Thanks for the input everyone. Some really interesting insights on the subject. I learned from your replies.


----------



## Jrmccain (Apr 11, 2007)

*Uh... sorry....*

Who you callin a "old man"? 



JCavilia said:


> Yeah, and sometimes droppin' that youngster like a rock, too ;-)


Gently used?


----------



## BoneDigger (Aug 5, 2006)

kykr13 said:


> While it's good to try out a lot of bikes, shop for the store itself too.


This is great advice, and you'd be well suited to adhere to it. If you are totally new in cycling, go to the different bike shops and see which ones are willig to give you honest opinions and actually spend time with you. When I say "honest opinions", I mean to avoid a store that says you need to start out on a pricy bike just because they want to make money. Really LISTEN to what they are saying. You can tell when someone is feeding you a line of bull.

Definately stay away from Sora components, but anything above Sora is okay.

Now, regarding brands and personalities... You really just don't see a lot of brand snobbery, at least not at the local level. Perhaps the big racers may feel that way, but most guys and gals go out, try some bikes, then buy the one that seems to fit their needs the best. Believe it or not, although the many bikes out there may seem similar, they each have their own feel. Find one that really calls to you, then buy it. Same for your wife; she doesn't necessarily need to buy the same brand as you. Many bike manufacturers now many women specific designs. may be worth a look...

Trek, Specialized, and Giant are three of the most common bikes you'll see on the road. C-dale and others are fairly common as well. I personally don't know anyone that feels superior due to having a custom bike versus a more common brand, but your mileage may vary.

Definately do your homework and pick a bike from a company that has good customer service.
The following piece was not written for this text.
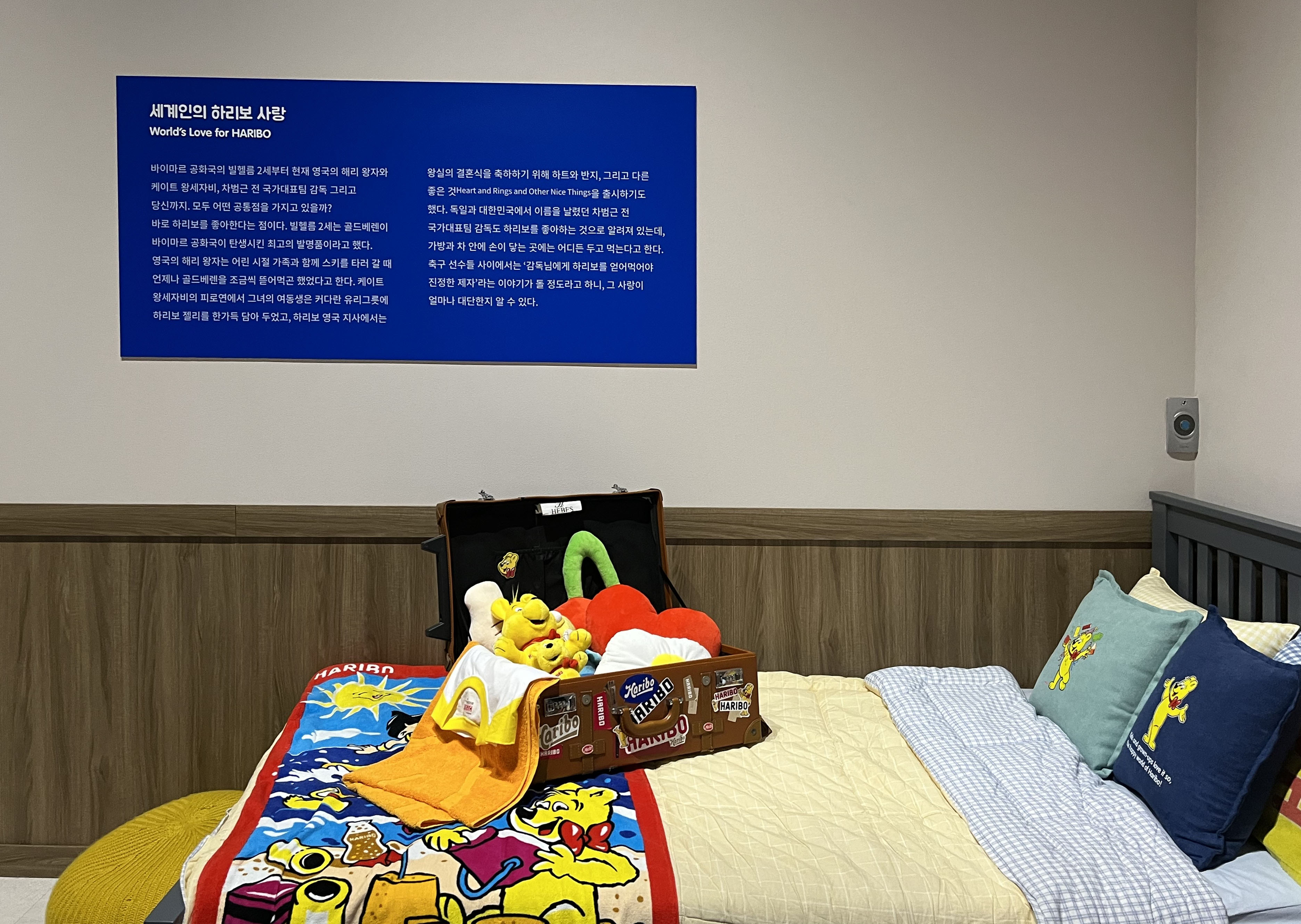 골드베렌의 초대장을 받고 도착한 첫 번째 장소는 바로 하리보 덕후 ‘하리보리안’의 방입니다. 하리보 굿즈가 벽면과 침대를 가득 채우고 있는데요. 판매하지 않는 하리보 레트로 굿즈들이 전시되어 있어서 유심히 보다 보면 집으로 가져가고 싶어지는 귀여운 피규어들이 눈에 띄더라고요. 틴케이스, 포스터, 피규어까지 유니크한 굿즈들을 찾아볼 수 있답니다.

What you don't want to do is buy a new bike, have something go wrong with it, then have the LBS or manufacturer snub you. 

Todd


----------



## mad max (Mar 22, 2009)

Thanks for the LBS input Todd.

We bought a hybrid bike for my wife a few months ago to get started with. She just never felt comfortable on it and didn't like to ride very much. I scheduled a fitting for her with the LBS that we bought the bike from.

The person fitting her found that they had sold us a frame that was too small and didn't have the adjustment range to fit her. He apologized for selling us the wrong size in the first place, gave us full purchase price credit for the used too-small bike and traded us the next size up for the newer exactly equivilant make/model. That's service.

My wife is soooooooooo happy with her new bike that fits her. She now tries to find reasons to ride. She's even wanting to do some group rides with other beginners. Our LBS organizes several rides for beginners.

A lot of input on this site expresses the importance of finding a good LBS...especially for new riders. I have experienced the reason for a good LBS first hand. I feel lucky to have a great LBS. It sounds like some riders have not been as lucky in their local communities with LBS's.

By the way, our LBS is Cahaba Cycles in Birmingham, AL if you're interested.

I also want to thank everyone again for the responsed to my OP in this thread. I learned in just a few days what I would have otherwise learned in a year or two of observations.


----------



## BoneDigger (Aug 5, 2006)

It sounds like you found a good bike shop! One of the bike shops in my town (we have only two) sold me a Giant NRS mountain bike. A year later I came in complaining that I just felt too "cramped" on the bike and asked for a fitting and perhaps a longer stem. They did a fitting for me and figuired out I had a bike frame that was too small. Did they offer a rebate or some other incentive? No. They took no responsibility for it, even though THEY HAD SOLD ME THE BIKE! This LBS generally does good wrenching, but I won't buy another bike from them. The other bike shop now gets most of my business.

Reward your LBS by giving them your business. But, make sure the bike you buy fits you well and calls out to you. If you can afford it, I'd recommend starting out at a 105 componentry. If not, go with Tiagra. Sora is okay, but the shifting (down shifting) is different from anything above it. I think you will seriously love this sport once you get into it. Good luck with your purchase and keep us informed!

Todd


----------